CALABRIA. Cervelli in fuga? Basta retorica: sono una risorsa!

cervello in fuga  DOMENICO ROSITANO* e FRANCESCO MOLICA*

- L’esodo dei giovani dal Mezzogiorno non cessa di fare notizia. Ancora la scorsa settimana i media nazionali si sono precipitati in blocco a diffondere le dichiarazioni del vicepresidente nazionale dei consulenti del lavoro Vincenzo Silvestri, secondo cui sarebbero ormai 100mila i giovani che lasciano il Sud per cercare fortuna all’estero. Sono numeri che ormai non scandalizzano più. Da almeno quindici anni le cifre di questa nuova emigrazione continuano gonfiarsi; e il contraccolpo della crisi su un Mezzogiorno, di per sé già afflitto da un gran numero di handicap strutturali, ha impresso un’ulteriore e drammatica accelerazione al fenomeno.

In aggiunta, sulla base di uno studio realizzato lo scorso dall’Istituto Toniolo e dall’Università Cattolica, l’84% dei ragazzi del Sud si dichiara pronto a trasferirsi. Non occorre dilungarsi oltre su questo cancro che ha ormai assunto proporzioni allarmanti e sulle sue possibili ricadute. E’ quasi ovvio ricordare che la desertificazione di talenti colpendo in maniera crescente il Mezzogiorno ne potrebbe limitare le sue prospettive di sviluppo.

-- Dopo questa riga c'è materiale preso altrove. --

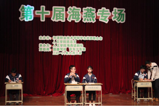 6月2日晚上,人文学院海燕话剧社在图书馆学术报告厅顺利举办以“你好!海燕”为主题的第十届专场晚会。出席本次晚会的嘉宾有校团委书记陈晓峰,海燕话剧社指导老师郑尔君及人文学院办公室主任刘少燕老师等。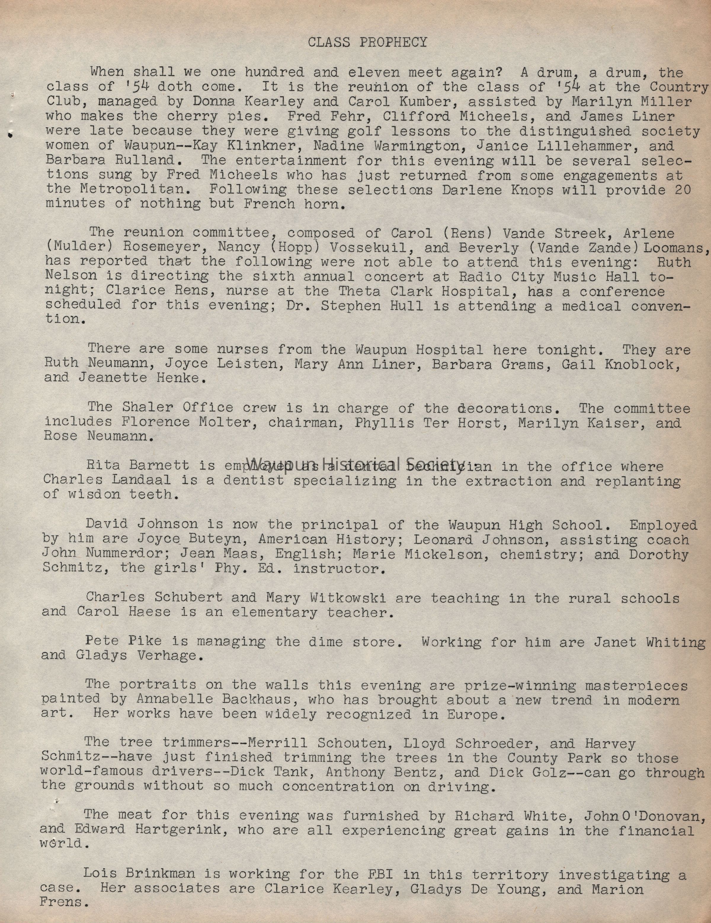 School District, Class Prophecy, 1954, Garland Lichtenberg

Eppure, a ben vedere, c’è un evidente malinteso al cuore della retorica accorata e disfattista con cui si tende a leggere il fenomeno. In altre parole, è necessario rovesciare la prospettiva cominciando a considerare l’emigrazione di cervelli non come una perdita irrimediabile per il territorio, bensì come una possibile “risorsa”.

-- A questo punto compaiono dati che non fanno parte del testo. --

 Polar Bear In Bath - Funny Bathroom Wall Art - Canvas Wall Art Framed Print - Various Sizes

Un’ampia mole di studi dimostra che la fuga di cervelli se è vero che produce effetti negativi nel breve termine, può tuttavia generare benefici sul medio-lungo periodo, a patto che si mettano in campo politiche pubbliche mirate ad attrarre risorse qualificate dall’estero, a incentivare il rimpatrio degli emigrati, nonché a rafforzare i canali di scambio tra la diaspora e il territorio.

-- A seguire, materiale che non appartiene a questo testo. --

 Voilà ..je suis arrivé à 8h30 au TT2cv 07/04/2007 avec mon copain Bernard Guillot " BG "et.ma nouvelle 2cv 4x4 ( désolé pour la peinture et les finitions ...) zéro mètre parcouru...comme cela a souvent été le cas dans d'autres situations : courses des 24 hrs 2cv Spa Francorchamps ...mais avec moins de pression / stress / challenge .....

La mobilità dei giovani cervelli è oltretutto un tratto naturale dell’odierna globalizzazione, specialmente in un’Europa senza confini, che ha fatto della libera circolazione dei lavoratori uno dei pilastri principali del proprio cammino sulla via di una maggiore integrazione. Inoltre la proporzione d’italiani che parte all’estero per ragioni di studio o di lavoro è molto inferiore a quella di francesi, spagnoli, tedeschi, inglesi che lasciano i rispettivi paesi. Ecco quindi che lo stereotipo della fuga dei cervelli come danno per il Sud inizia a scricchiolare. Smettiamola di batterci il petto e cominciamo a guardare al fenomeno come ad una formidabile possibilità di crescita. La partenza dei giovani del Mezzogiorno non solo non deve essere frenata ma addirittura incoraggiata: poiché le esperienze di studio e professionali accumulate in contesti diversi, sovente più virtuosi, vanno a costruire un capitale di conoscenze che, se intercettato, può costituire un’importante risorsa per le nostre regioni.

In altre parole è necessario sviluppare il “capitale relazionale” dei cervelli nel mondo e promuovere rapporti di collaborazione fra i “cervelli” in fuga e quelli rimasti al Sud, nonché tra i primi e le stesse istituzioni locali con l’obiettivo che di convogliare il know-how acquisito all’estero verso il territorio mettendolo al servizio del suo sviluppo.

In tal senso, è necessario rafforzare anche a livello regionale programmi pubblici che stimolino i “cervelli in fuga” a rientrare, creando contemporaneamente le condizioni necessarie per attrarre più capitale umano nel nostro Sud, dal mondo delle università a quello delle imprese, dandogli l’opportunità di lavorare al meglio e contribuire effettivamente alla crescita del nostro sistema economico e produttivo. E’ un esercizio con cui altri territori europei si cimentano da molti anni con enormi successi. Nulla impedisce a regioni quali la Calabria di percorrere questa strada. Che, ad esempio, uno strumento come il POR Calabria 2014-2020 mostra di volere perseguire.